GOAL OF THE EXERCISE: Output must consist only of the lines of the material below from the one with "Peanut Butter Chocolate" through the one with "Til lågerne anvendes", each reproduced exactly; no pictures belong in it.

INPUT RECORDS:
-*-

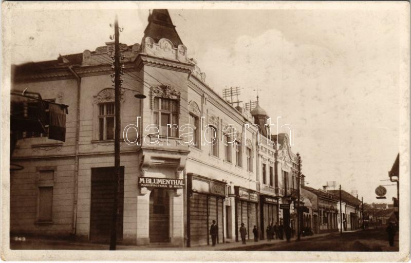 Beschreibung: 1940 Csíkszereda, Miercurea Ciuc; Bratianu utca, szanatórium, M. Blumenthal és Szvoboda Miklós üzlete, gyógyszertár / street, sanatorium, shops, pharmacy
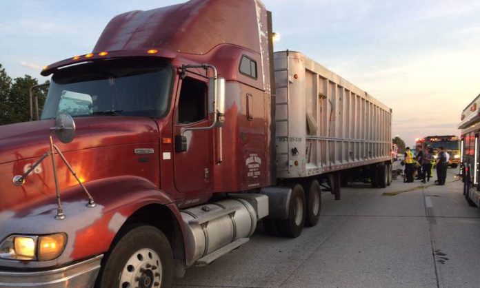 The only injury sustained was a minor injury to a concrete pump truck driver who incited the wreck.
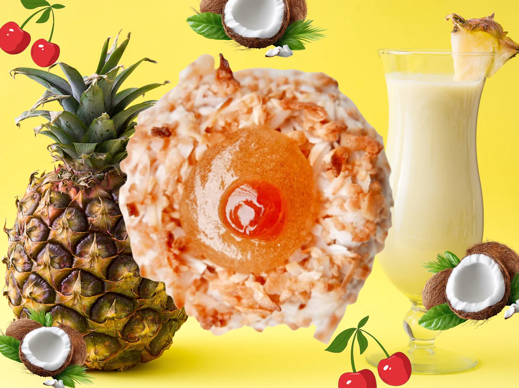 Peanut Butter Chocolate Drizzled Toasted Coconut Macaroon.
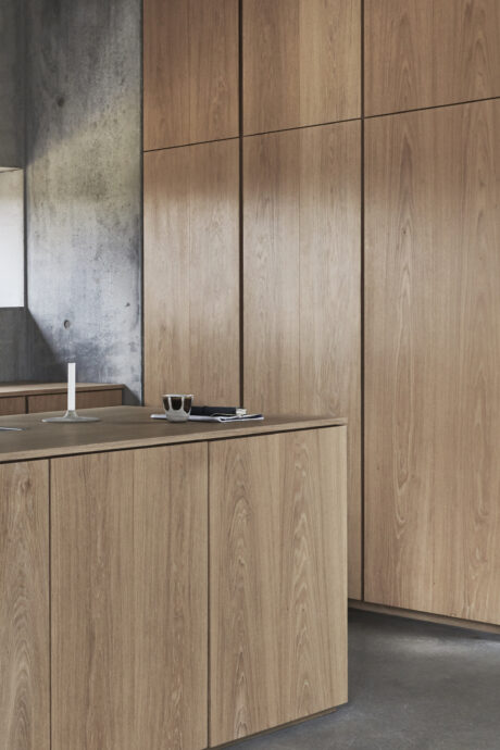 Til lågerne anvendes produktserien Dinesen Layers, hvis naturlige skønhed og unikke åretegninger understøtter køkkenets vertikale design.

-*-

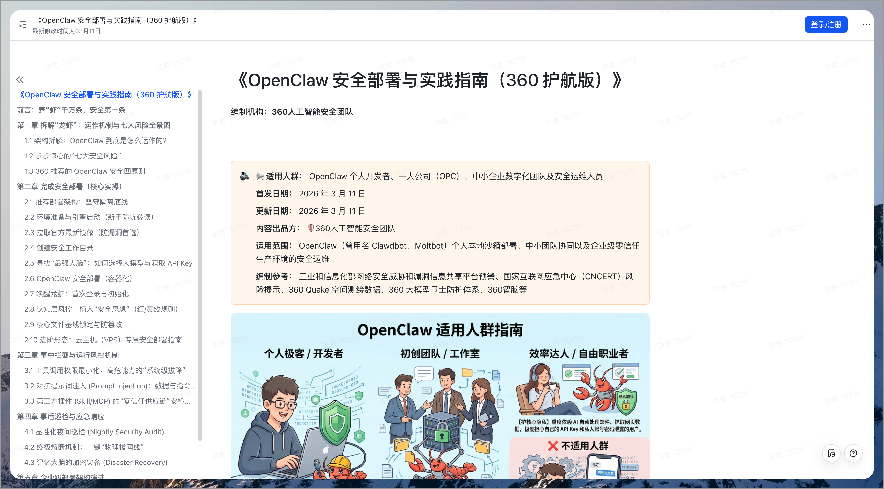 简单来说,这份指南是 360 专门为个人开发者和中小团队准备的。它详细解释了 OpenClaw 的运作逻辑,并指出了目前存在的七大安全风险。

-*-

OUTPUT BELOW:
 Peanut Butter Chocolate Drizzled Toasted Coconut Macaroon.
 Til lågerne anvendes produktserien Dinesen Layers, hvis naturlige skønhed og unikke åretegninger understøtter køkkenets vertikale design.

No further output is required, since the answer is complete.